< Nehemia 3 >
1 En Eljasib, de hogepriester, maakte zich op met zijn broederen, de priesteren, en zij bouwden de Schaapspoort; zij heiligden ze, en richtten haar deuren op; ja, zij heiligden ze tot aan den toren Mea, tot aan den toren Hananeel.
And Eliasiph, the greet preest, roos, and hise britheren, and prestis, and thei bildiden the yate of the floc; thei maden it stidfast; and settiden the yatis therof, and `til to the tour of an hundrid cubitis, thei maden it stidfast, `til to the tour of Ananehel.
2 En aan zijn hand bouwden de mannen van Jericho; ook bouwde aan zijn hand Zacchur, de zoon van Imri.
And bisidis hym the men of Jerico bildiden; and bisidis hem Zaccur, the sone of Amry, bildide.
3 De Vispoort nu bouwden de kinderen van Senaa; zij zolderden die, en richtten haar deuren op, met haar sloten en haar grendelen.
Forsothe the sones of Asamaa bildiden the yatis of fischis; thei hiliden it, and settiden the yatis therof, and lockis, and barris. And Marymuth, sone of Vrye, the sone of Accus, bildide bisidis hem.
4 En aan hun hand verbeterde Meremoth, de zoon van Uria, den zoon van Koz; en aan hun hand verbeterde Mesullam, de zoon van Berechja, den zoon van Mesezabeel; en aan hun hand verbeterde Zadok, zoon van Baena.
And Mosolla, sone of Barachie, the sone of Meseze, bildide bisidis hym.

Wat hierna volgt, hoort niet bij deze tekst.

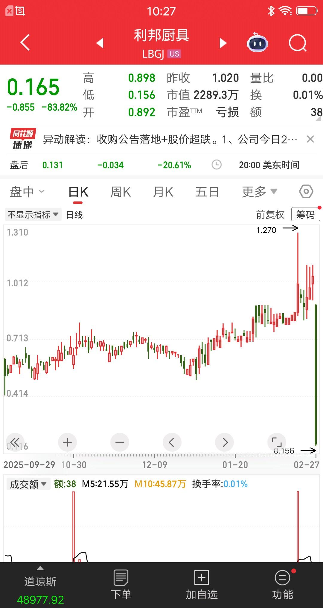 美股今天最惨的票诞生了,爆仓大阴线从天而降,防不胜防呀。昨夜美股,跌的那叫一个稀里哗啦,三大指数集体跳水。道琼斯跌1.05%纳指跌0.92%标普跌0.43%。科技巨头跌的更惨,英伟达跌4.16%特斯拉跌1.49%等。 有一只票跌的巨惨,该票低开低走,股价直线杀跌,还多次触发停牌。可是复牌后,依然挡不住杀跌,收盘跌幅83.82%。高位买入的人血本无归,现在估计想死的心都有了。 该票是一只仙股,市值小的可怜,主力随意拿捏股价,想涨就涨想跌就跌。 从这只票上,我们可以看到,T加0和不设涨跌幅限制,这种规则的弊端。碰上一次,账户直接清零。 所以咱们大A现在的规则,就是最好的,千万别和美股一样。不然散户的下场一定是,辛苦交易若干年,一把亏到解放前。 大家觉得呢?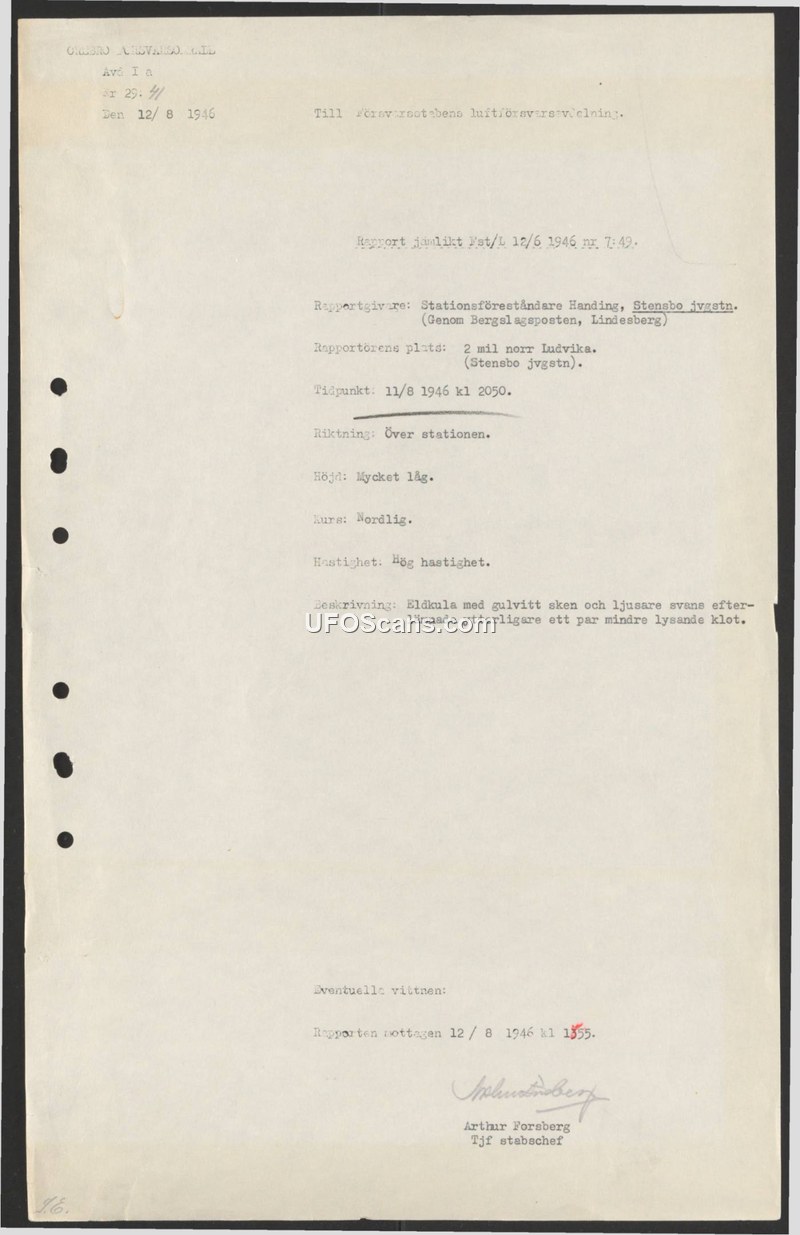 Sighting Report — Stensbo, Sweden, August 11, 1946

And Sadoch, the sone of Baana, bildide bisidis him.
5 Voorts aan hun hand verbeterden de Thekoieten; maar hun voortreffelijken brachten hun hals niet tot den dienst huns Heeren.
And men of Thecue bildiden bisidis hym; but the principal men of hem puttiden not her neckis vndur in the werk of her Lord God.
6 En de Oude poort verbeterden Jojada, de zoon van Paseah, en Mesullam, de zoon van Besodja; deze zolderden zij, en richtten haar deuren op, met haar sloten en haar grendelen.
And Joiada, the sone of Phasea, and Mosollam, the sone of Besoyda, bildiden the elde yate; thei hiliden it, and settiden the yatis therof, and lockis, and barris.
7 En aan hun hand verbeterden Melatja, de Gibeoniet, en Jadon, de Meronothiet, de mannen van Gibeon en van Mizpa; tot aan den stoel des landvoogds aan deze zijde der rivier.
And Melchie Gabaonyte, and Jaddon Methonatite, men of Gabaon and of Maspha, bildiden bisidis hem, for the duyk that was in the cuntrei biyende the flood.
8 Aan zijn hand verbeterde Uzziel, de zoon van Harhoja, een der goudsmeden, en aan zijn hand verbeterde Hananja, de zoon van een der apothekers; en zij lieten Jeruzalem tot aan den breden muur.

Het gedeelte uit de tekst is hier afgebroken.